Minimal scalings and structural properties of scalable frames

TL;DR

This paper investigates the properties of scalable frames in real Euclidean spaces, focusing on minimal scalings, their structural dependencies, and the uniqueness of orthogonal partitions, to better understand their geometric and algebraic characteristics.

Contribution

It provides bounds on the number of minimal scalings, characterizes affine dependence among them, and establishes the uniqueness of orthogonal partitioning in scaled frames.

Findings

Number of minimal scalings can be estimated.

Minimal scalings are affinely dependent under certain conditions.
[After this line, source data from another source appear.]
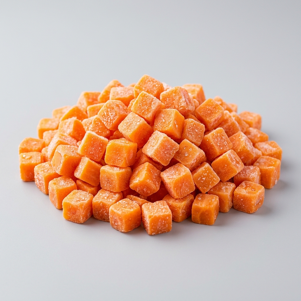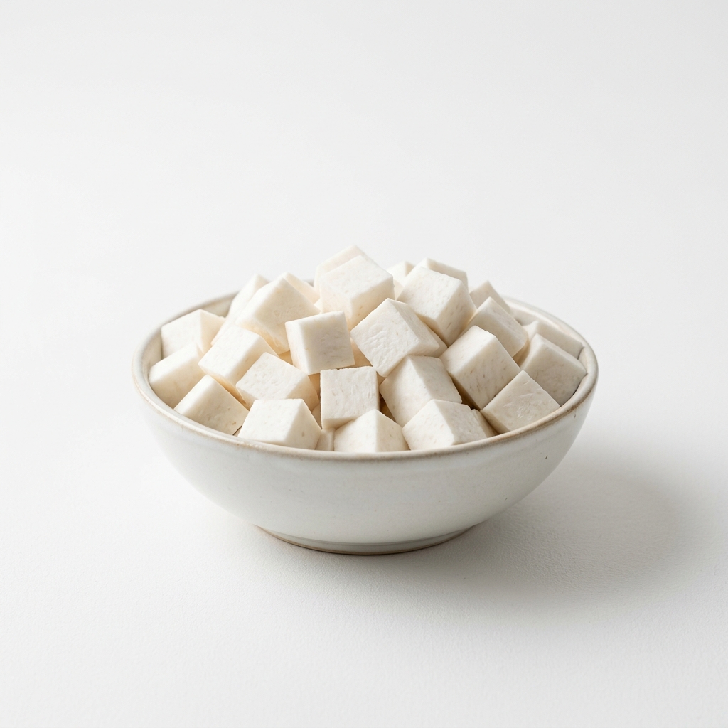 Fresh frozen taro cubes, ready for cooking with no peeling effort required.
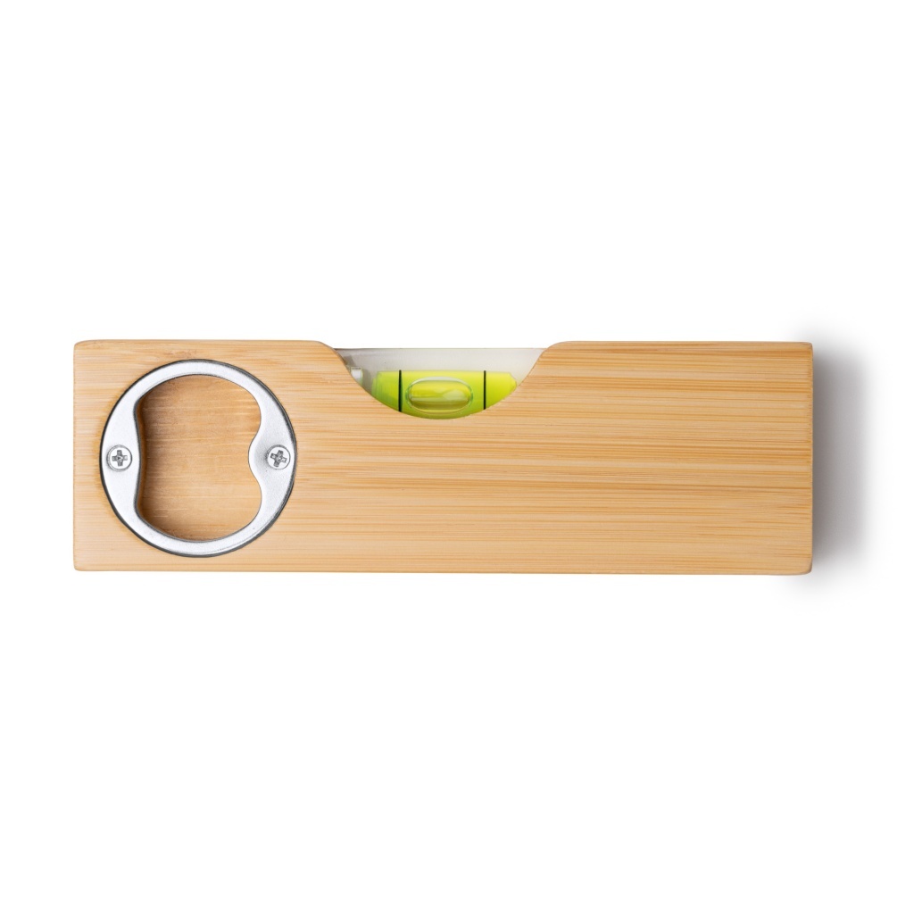 Poziomica wykonana z bambusa, posiadająca w korpusie wbudowany metalowy otwieracz do butelek.
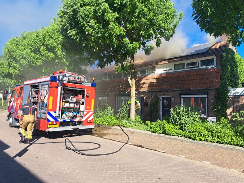 Er woedt brand in vier woningen. Bij één woning staat vooral de bovenverdieping en het dak in brand. Dit is overgeslagen naar de andere drie woningen in datzelfde woonblok. Daar woedt vooral binnen brand, maar dit is niet aan de buitenkant te zien.
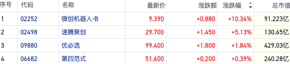 截至发稿,微创机器人-B(02252.HK)今日涨幅超过10%,一度攀升至18%的高位,速腾聚创(02498.HK)也上涨超过5%,第四范式(06682.HK)和优必选(09880.HK)同样跟随上涨趋势。
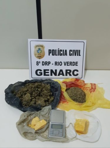 No momento da abordagem, foi localizada uma pequena quantidade de droga com o adolescente. Ele confessou aos policiais possuir mais drogas em sua residência onde, após buscas, os policiais civis localizaram entorpecentes (maconha, crack e skunk) e uma balança de precisão. O menor encontra-se agora à disposição da Vara da Infância e Juventude.
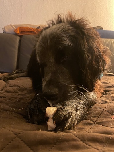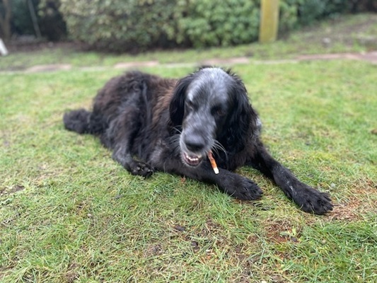 Also eins muss ich ja mal sagen, Setterland ist viel viel besser als alles was ich vorher kannte. Hier gibt es immer lecker Futter, ich nehme alles was ich darf und die leckeren Kaustangen sind Mega. Man schmunzelt hier schon weil, ich so schöne Zähne bekommen habe.
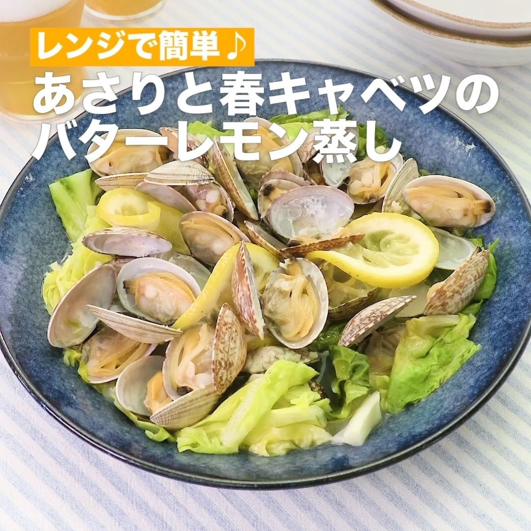 ⑤<レンジで簡単♪あさりと春キャベツのバターレモン蒸し>
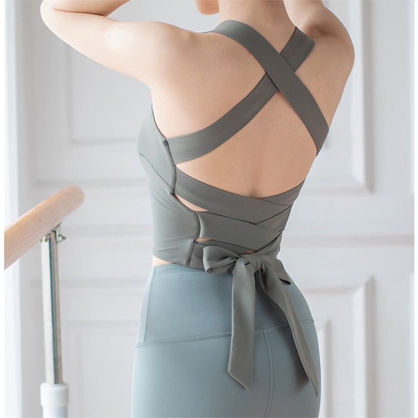 New high play speed dry strap Fitness Suit Sports Yoga Instructor Wear back underwear Shoulder Strap Chest Cushion Long Version Vest Woman
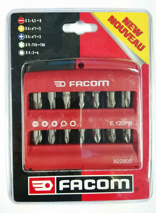 Facom E.120PB Screwdriver Bit Set (Torx, Phillips, Hex / Allen, Pz Pozi, Slotted)
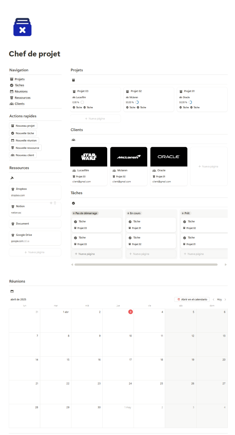 Gérez vos projets avec clarté et efficacité grâce au modèle « Gestionnaire de Projets » pour Notion. Conçu pour les entrepreneurs, freelances et équipes de travail, cet outil vous permet de planifier, organiser et suivre chaque phase de vos projets sans perdre le contrôle.
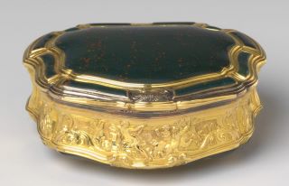 A German snuffbox, ca 1740, made from bloodstone and gold. 3.8 x 8.3 x 6.4 cm. Gift of Mrs. Charles Wrightsman, 2008. Metropolitan Museum of Art, New York. Public Domain. (Cropped to show detail).
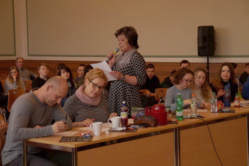 Nach diesen ersten Darbietungen ging die Veranstaltung in der Aula mit der Vorstellung der Jury, die aus Schülern und Lehrern bestand, weiter.
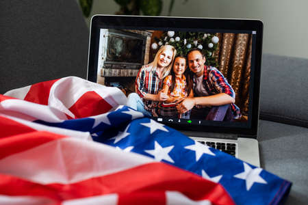 Online party with loved ones from USA. Celebrating Christmas video chat. Virtual party via video messenger. Americans new year are video chatting. New Year gifts and flag of America next to computer
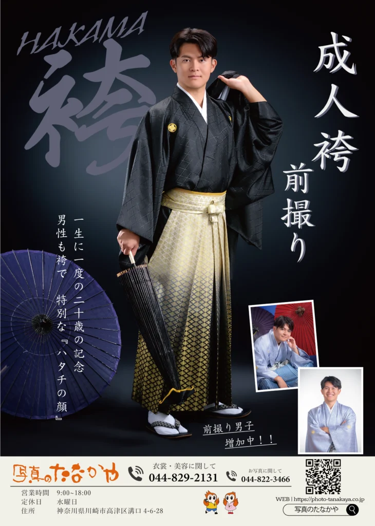 式にはスーツで参加予定の方も、ぜひ御写真だけでもキリッと凛々しい『二十歳の顔』を残してみませんか?
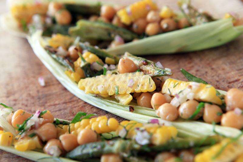 סלט חומוס, תירס ובמיה

All strict scalings share the same structural properties.

Abstract

For a unit-norm frame $F = \{f_i\}_{i=1}^k$ in $\R^n$, a scaling is a vector $c=(c(1),\dots,c(k))\in \R_{\geq 0}^k$ such that $\{\sqrt{c(i)}f_i\}_{i =1}^k$ is a Parseval frame in $\R^n$. If such a scaling exists, $F$ is said to be scalable. A scaling $c$ is a minimal scaling if $\{f_i : c(i)>0\}$ has no proper scalable subframe. It is known that the set of all scalings of $F$ is a convex polytope whose vertices correspond to minimal scalings. In this paper, we provide an estimation of the number of minimal scalings of a scalable frame and a characterization of when minimal scalings are affinely dependent. Using this characterization, we can conclude that all strict scalings $c=(c(1),\dots,c(k))\in \R_{> 0}^k$ of $F$ have the same structural property. We also present the uniqueness of orthogonal partitioning property of any set of minimal scalings, which provides all possible tight subframes of a given scaled frame.